7. Design Trade-Offs, Extensions, and Best Practices
Polar’s fully decoupled design entails several empirical and engineering considerations:
- Credit assignment and batching: Prefix_merging in trajectory reconstruction improves gradient variance and hardware utilization relative to fine-grained (per_request) traces at the expense of added logic for strict token-prefix alignment.
- Harness-agnosticity: Achieves broad coverage for existing agent stacks, but requires robust schema normalization and extensive format detection in the LLM proxy.
- Isolation: All agent/container initialization, environment I/O, and LLM proxy compute are separated from RL trainers, enabling tight packing, rootless HPC deployments, and easier cloud scaling.

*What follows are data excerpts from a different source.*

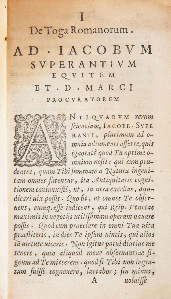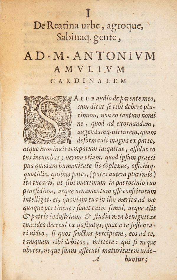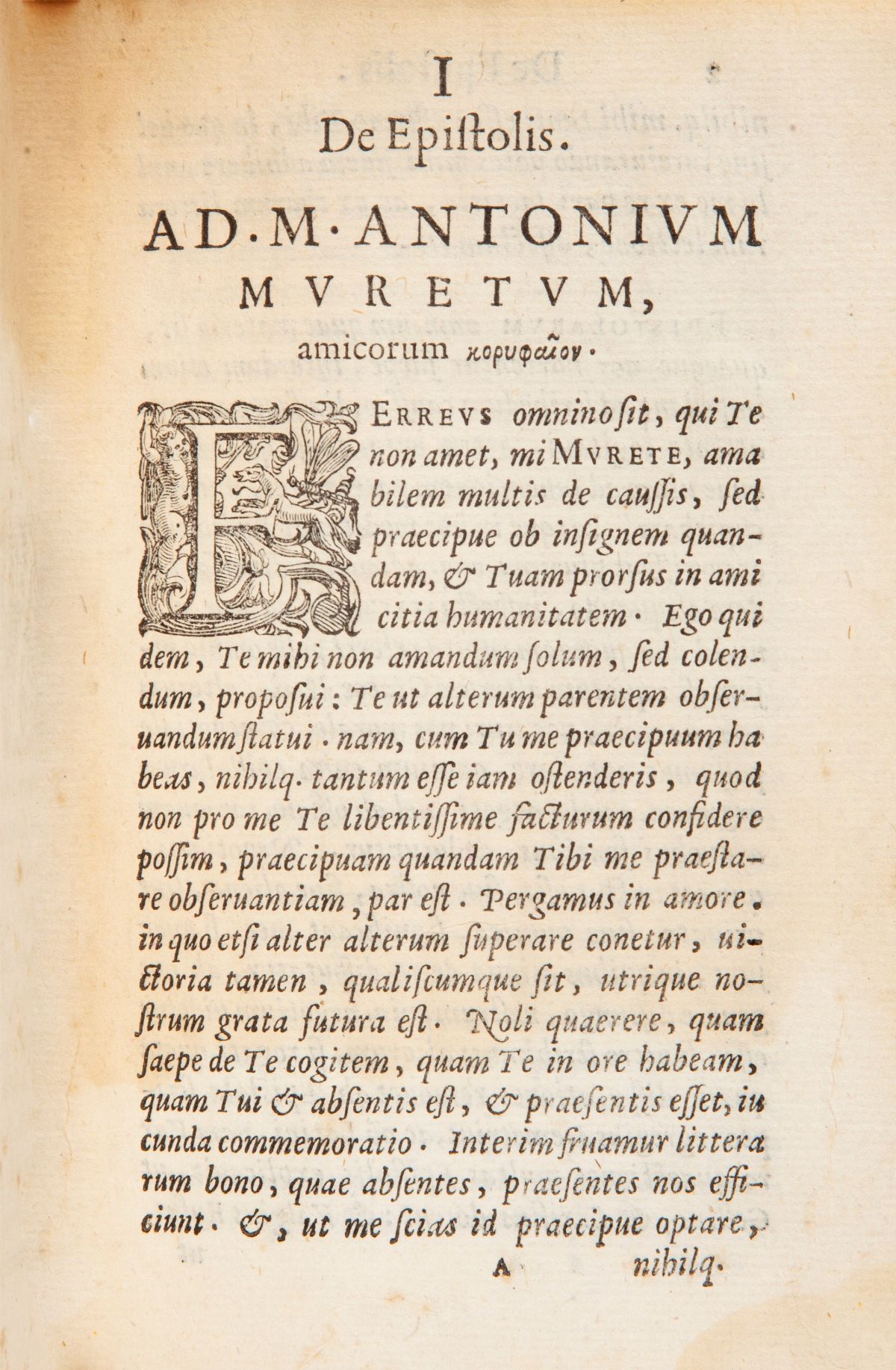 3 parti in una. In 8°. Con ritratto di Aldo Manuzio il Vecchio sul frontespizio. Testo in corsivo tondo. Rara prima edizione di quest'opera antiquaria scritta da Aldo il Giovane sotto forma di raccolta, dove questioni erudite vengono trattate ed illustrate in forma di epistole indirizzate ad amici e sodali quali Mureto, Sigonio e Pinelli, ma anche cardinali come G. Sirleto e A. Farneseche; tratta di arti liberali, di astronomia e questioni tolemaiche. Erudito della seconda generazione dell'Umanesimo italiano, fu l'ultimo membro della celebre famiglia attivo come stampatore a Venezia, figlio di Paolo Manuzio e nipote dell'omonimo famoso tipografo veneziano. Legatura del XIX in piena pelle. Leggere fioriture ad alcune pagine.
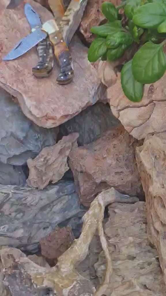 Handmade 17cm Pocket Knife with Damascus Steel - Ram Horn & Brass
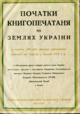 Свєнціцький І. Початки книгопечатання на землях України (1924р.). Фото : вебсайт Львівська національна наукова бібліотека України ім. В. Стефаника
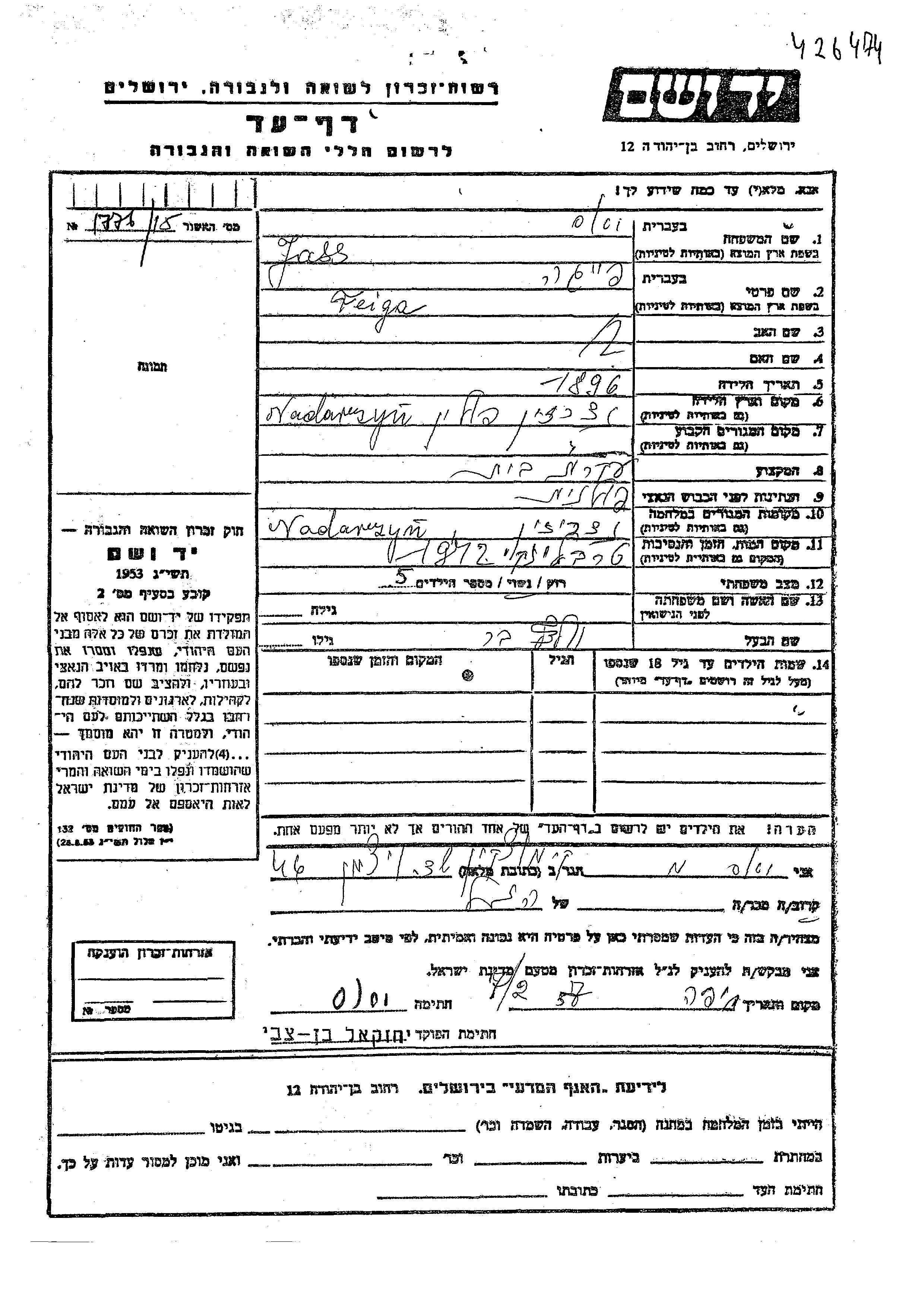 Feiga Jass was born in Nadarzyn, Poland, 1896. She was a housewife and married to Ber. Prior to WWII she lived in Nadarzyn, Poland. During the war she was in Nadarzyn, Poland. Feiga was murdered in the Shoah. Place of death: Treblinka, Poland, 1942.

- Hardware Utilization and Scheduling: Asynchronous service APIs, affinity routes, and independent worker pools exploit cloud and on-premises hardware efficiently, yielding up to 87.7% GPU utilization in typical runs (Xu et al., 22 May 2026).
- Opportunities for further optimization: Integration with trajectory-level schedulers (Zhang et al., 30 Mar 2026), cooperative elasticity (Gao et al., 7 May 2026), or hierarchical rollout coordination are directly compatible with Polar’s abstraction boundaries.
Polar substantiates a practical blueprint for modern, large-scale agentic RL systems—demonstrating that strict decoupling, token-faithful trajectory capture, and fully asynchronous rollout services are necessary to maximize real-world throughput and fidelity in reinforcement learning for LLM-driven agents (Xu et al., 22 May 2026).